The conference was in Amsterdam to which they were allowed to travel, and the group were taking the Eurostar straight to their destination without making any stops. However, they were about to traverse a particularly absurd part of the French law pertaining to Visas and freedom movement. As the officers at the Eurostar terminal explained, it was because the train will be crossing over French territory, for which one of the In-grid members would need a visa, that they could not be allowed on the train. The fact the the destination was not in France and that the train was not due to make any stops in France did not matter.

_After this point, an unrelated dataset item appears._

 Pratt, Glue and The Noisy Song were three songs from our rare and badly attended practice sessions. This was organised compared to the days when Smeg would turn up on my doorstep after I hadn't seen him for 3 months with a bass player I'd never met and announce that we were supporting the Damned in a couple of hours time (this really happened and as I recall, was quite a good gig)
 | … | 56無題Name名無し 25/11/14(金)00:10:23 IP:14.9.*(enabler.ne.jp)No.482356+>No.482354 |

In fact, that argument only presented the more absurd speculation that in the case of an emergency stop or break-down of the train in France, they would be in breach of the visa law which and that was even more justification for refusing them entry to the train. Four hours later, other In-grid members were on their way and the server was still in London with another member's hand.

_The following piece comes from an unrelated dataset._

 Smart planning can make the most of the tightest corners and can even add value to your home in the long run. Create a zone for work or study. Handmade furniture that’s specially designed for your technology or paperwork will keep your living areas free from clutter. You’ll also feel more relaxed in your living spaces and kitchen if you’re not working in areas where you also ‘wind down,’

The solution was to take a direct flight to Amsterdam (and hope that it wouldn't emergency-land or break-down over France) for the next day. But having had no funding for this trip, and not being able to refund the train ticket, this was perhaps the most jarring spatial transition during this project. Not only did it reveal the limits of mobility and access, it also revealed the limits of collectivity and radical infrastructures. There was only so much infrastructure to radicalise when the political structures themselves oppressive and only getting worse.

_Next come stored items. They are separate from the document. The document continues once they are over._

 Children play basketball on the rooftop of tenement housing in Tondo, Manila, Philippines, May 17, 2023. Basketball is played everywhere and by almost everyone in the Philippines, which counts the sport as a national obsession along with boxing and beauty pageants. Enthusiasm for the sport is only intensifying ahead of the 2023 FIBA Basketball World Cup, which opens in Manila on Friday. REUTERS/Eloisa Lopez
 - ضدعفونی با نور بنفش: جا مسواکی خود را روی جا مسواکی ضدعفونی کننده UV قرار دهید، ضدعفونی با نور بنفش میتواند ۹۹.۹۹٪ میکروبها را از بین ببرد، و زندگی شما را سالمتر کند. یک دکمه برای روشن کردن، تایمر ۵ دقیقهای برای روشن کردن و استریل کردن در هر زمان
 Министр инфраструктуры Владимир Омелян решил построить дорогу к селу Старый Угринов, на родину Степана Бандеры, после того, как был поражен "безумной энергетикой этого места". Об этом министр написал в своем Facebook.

EXPOSING THE AMBULENT INFRASTRUCTURE
Using small, mobile, or DIY servers makes tangible something normally abstract and distant. While our use of servers is almost constant, they rarely feel materially real. In contrast, our modest and often fragile setup reveals the seams of infrastructure, exposing the usually invisible dynamics of access, permission, and agency that shape how we move through institutions and shared spaces. Their scale and fallibility can be at times frustrating, but also embodied, as downtime or glitches often trace back not to impersonal systems failures but to the social realities of care, memory, or negotiation, like losing a password or deciding whether something is worth fixing at all. Working with such infrastructures invite collaboration, responsibility, and stewardship, giving us a sense of proximity and empowerment: we can point to the device, understand its workings, and intervene directly. In workshops, they act as access points to otherwise abstract network infrastructures, unsettling the seamless veneer of cloud computing and revealing the boundaries between hardware and software. Their mobility also highlights questions of access and borders, showing how technologies move differently than the people who maintain them. By exposing the fragility and contingency of networks, these servers make visible the social, affective, and political conditions of technological maintenance, reminding us that technology is not floating somewhere in the air, but grounded in material forms of labor, collaboration, and care.
- ↑ Janneke Adema, "Experimental Publishing as Collective Struggle: Providing Imaginaries for Posthumanist Knowledge Production," Culture Machine 23 (2024), https://culturemachine.net/vol-23-publishing-after-progress/adema-experimental-publishing-collective-struggle/.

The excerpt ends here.